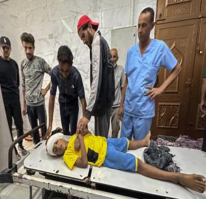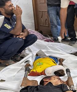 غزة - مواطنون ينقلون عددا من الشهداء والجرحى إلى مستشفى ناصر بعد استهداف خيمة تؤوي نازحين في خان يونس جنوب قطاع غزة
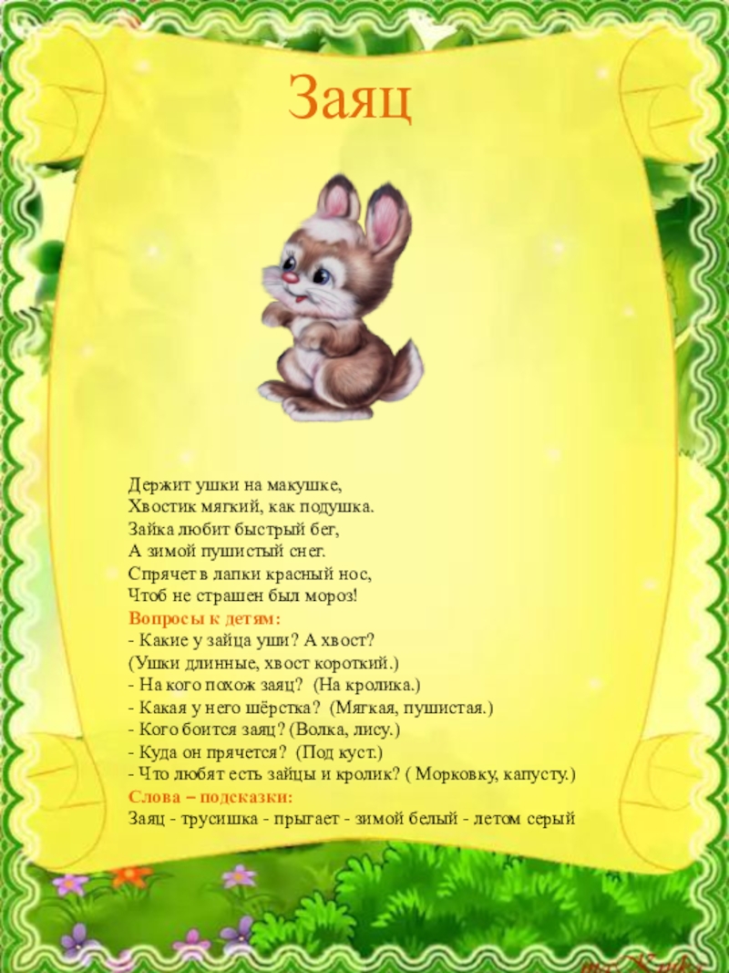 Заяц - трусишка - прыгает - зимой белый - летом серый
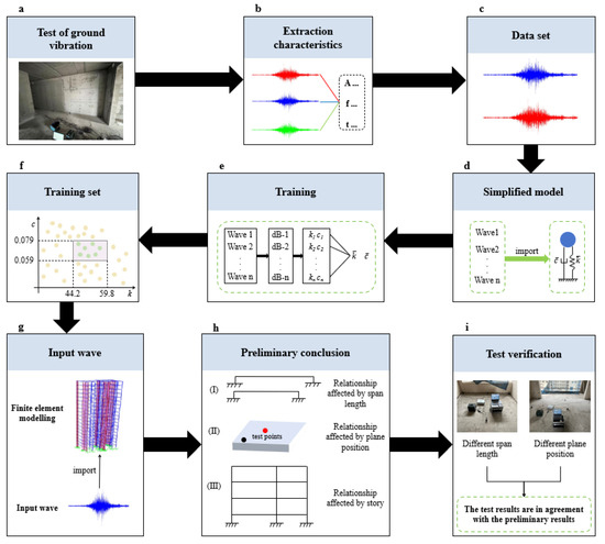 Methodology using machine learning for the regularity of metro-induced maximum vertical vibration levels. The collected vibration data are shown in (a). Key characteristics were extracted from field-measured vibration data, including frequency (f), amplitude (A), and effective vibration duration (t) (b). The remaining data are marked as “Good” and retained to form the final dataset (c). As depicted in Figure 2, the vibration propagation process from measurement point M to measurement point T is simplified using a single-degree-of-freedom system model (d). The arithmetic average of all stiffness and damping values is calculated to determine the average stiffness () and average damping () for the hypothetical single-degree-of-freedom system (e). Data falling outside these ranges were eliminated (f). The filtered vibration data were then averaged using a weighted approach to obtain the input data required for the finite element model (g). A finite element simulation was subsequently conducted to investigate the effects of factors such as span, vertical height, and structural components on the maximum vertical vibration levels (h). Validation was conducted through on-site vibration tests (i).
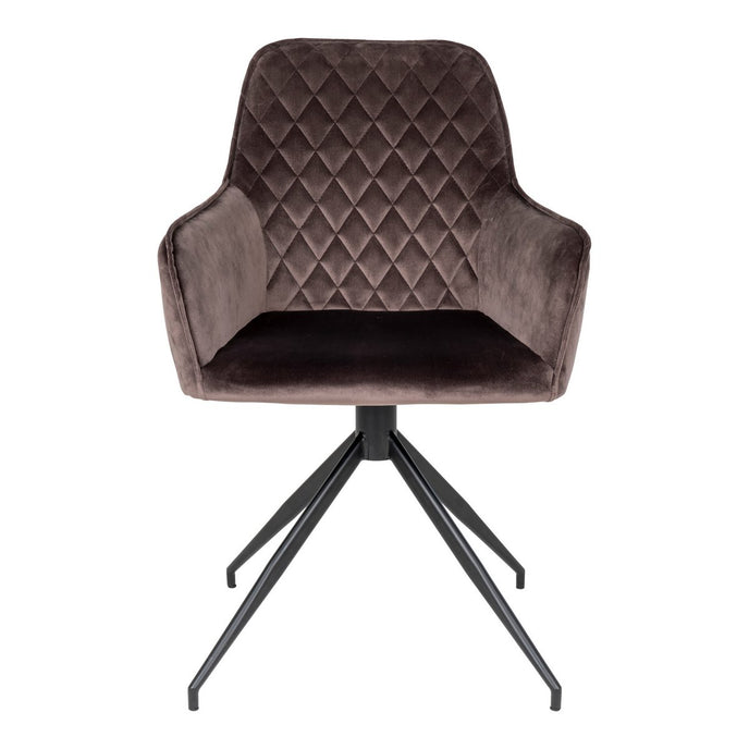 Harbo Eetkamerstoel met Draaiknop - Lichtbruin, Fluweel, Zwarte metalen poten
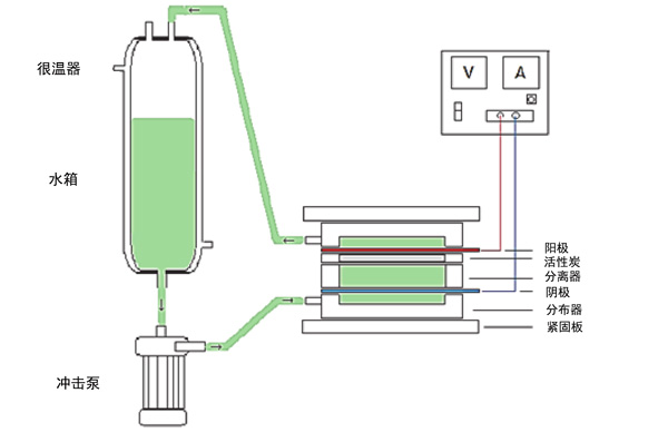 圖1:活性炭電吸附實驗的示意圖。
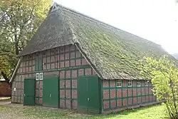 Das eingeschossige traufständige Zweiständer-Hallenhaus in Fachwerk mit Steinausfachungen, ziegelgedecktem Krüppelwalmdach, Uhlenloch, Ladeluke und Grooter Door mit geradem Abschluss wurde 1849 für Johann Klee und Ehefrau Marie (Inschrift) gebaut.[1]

——————————

**Assignment:**
The records above need retyping in full. Omit the pictures, and change nothing else.

**Written response:**
 غزة - مواطنون ينقلون عددا من الشهداء والجرحى إلى مستشفى ناصر بعد استهداف خيمة تؤوي نازحين في خان يونس جنوب قطاع غزة
 Заяц - трусишка - прыгает - зимой белый - летом серый
 Methodology using machine learning for the regularity of metro-induced maximum vertical vibration levels. The collected vibration data are shown in (a). Key characteristics were extracted from field-measured vibration data, including frequency (f), amplitude (A), and effective vibration duration (t) (b). The remaining data are marked as “Good” and retained to form the final dataset (c). As depicted in Figure 2, the vibration propagation process from measurement point M to measurement point T is simplified using a single-degree-of-freedom system model (d). The arithmetic average of all stiffness and damping values is calculated to determine the average stiffness () and average damping () for the hypothetical single-degree-of-freedom system (e). Data falling outside these ranges were eliminated (f). The filtered vibration data were then averaged using a weighted approach to obtain the input data required for the finite element model (g). A finite element simulation was subsequently conducted to investigate the effects of factors such as span, vertical height, and structural components on the maximum vertical vibration levels (h). Validation was conducted through on-site vibration tests (i).
 Harbo Eetkamerstoel met Draaiknop - Lichtbruin, Fluweel, Zwarte metalen poten
 圖1:活性炭電吸附實驗的示意圖。
 Das eingeschossige traufständige Zweiständer-Hallenhaus in Fachwerk mit Steinausfachungen, ziegelgedecktem Krüppelwalmdach, Uhlenloch, Ladeluke und Grooter Door mit geradem Abschluss wurde 1849 für Johann Klee und Ehefrau Marie (Inschrift) gebaut.[1]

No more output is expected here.